TASK PROMPT:
Begin with the line below holding "окне — разные." and go on through the line holding "t1:=array(('a':1,'b':10,'c':13),('a':2,'b':17,'c':13));", duplicating each line exactly and leaving out pictures.

[[ RECORDS open ]]

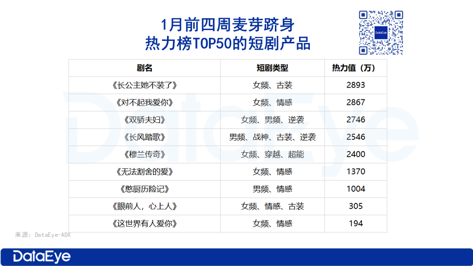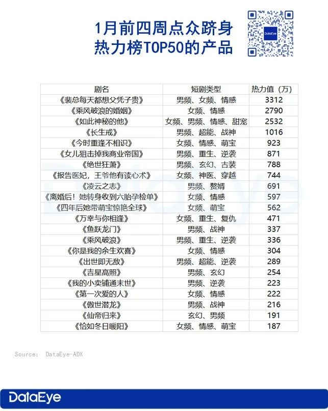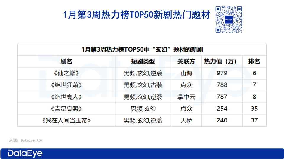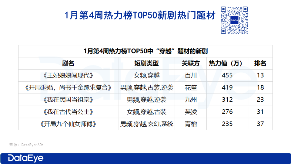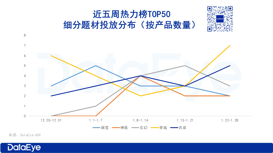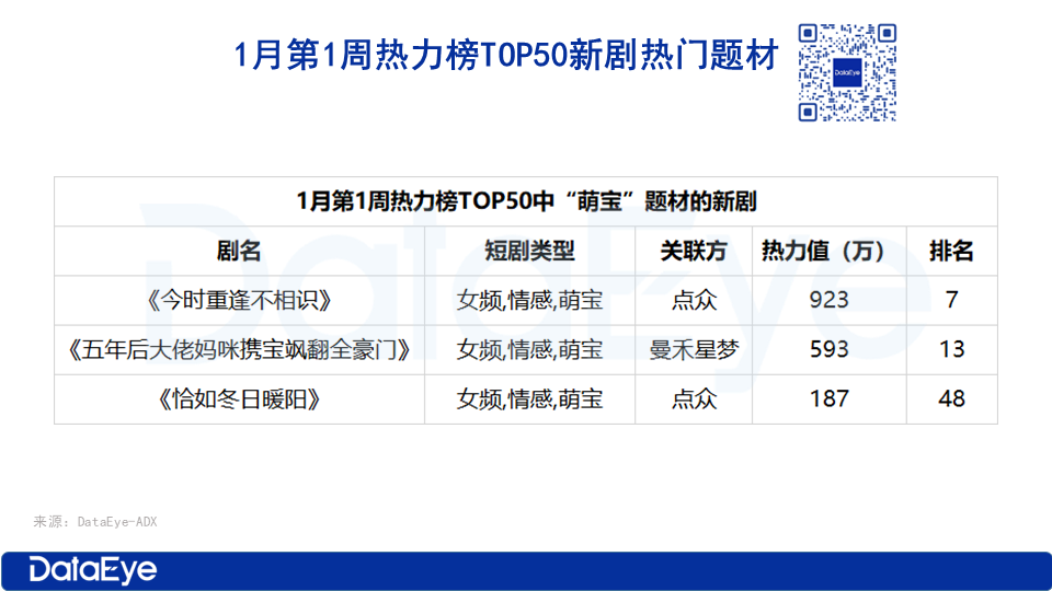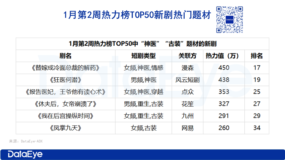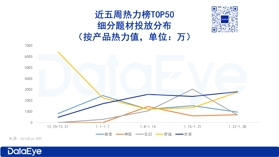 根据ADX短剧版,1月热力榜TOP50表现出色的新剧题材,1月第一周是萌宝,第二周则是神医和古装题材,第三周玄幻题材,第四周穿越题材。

[[ RECORDS closed ]]
[[ RECORDS open ]]

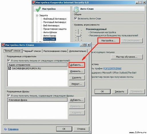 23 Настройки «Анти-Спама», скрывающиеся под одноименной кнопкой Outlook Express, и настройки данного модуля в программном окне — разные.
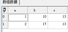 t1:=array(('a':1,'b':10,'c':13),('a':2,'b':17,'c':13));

[[ RECORDS closed ]]
[[ RECORDS open ]]

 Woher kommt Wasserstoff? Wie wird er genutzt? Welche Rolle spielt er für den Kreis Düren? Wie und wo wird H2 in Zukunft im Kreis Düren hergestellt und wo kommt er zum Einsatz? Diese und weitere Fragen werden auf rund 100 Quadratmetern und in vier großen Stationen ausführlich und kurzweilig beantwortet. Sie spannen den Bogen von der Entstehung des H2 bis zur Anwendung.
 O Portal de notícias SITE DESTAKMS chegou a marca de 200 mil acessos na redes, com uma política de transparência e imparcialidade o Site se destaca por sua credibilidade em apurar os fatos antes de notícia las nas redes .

[[ RECORDS closed ]]

RESULT OF THE EXERCISE:
 23 Настройки «Анти-Спама», скрывающиеся под одноименной кнопкой Outlook Express, и настройки данного модуля в программном окне — разные.
 t1:=array(('a':1,'b':10,'c':13),('a':2,'b':17,'c':13));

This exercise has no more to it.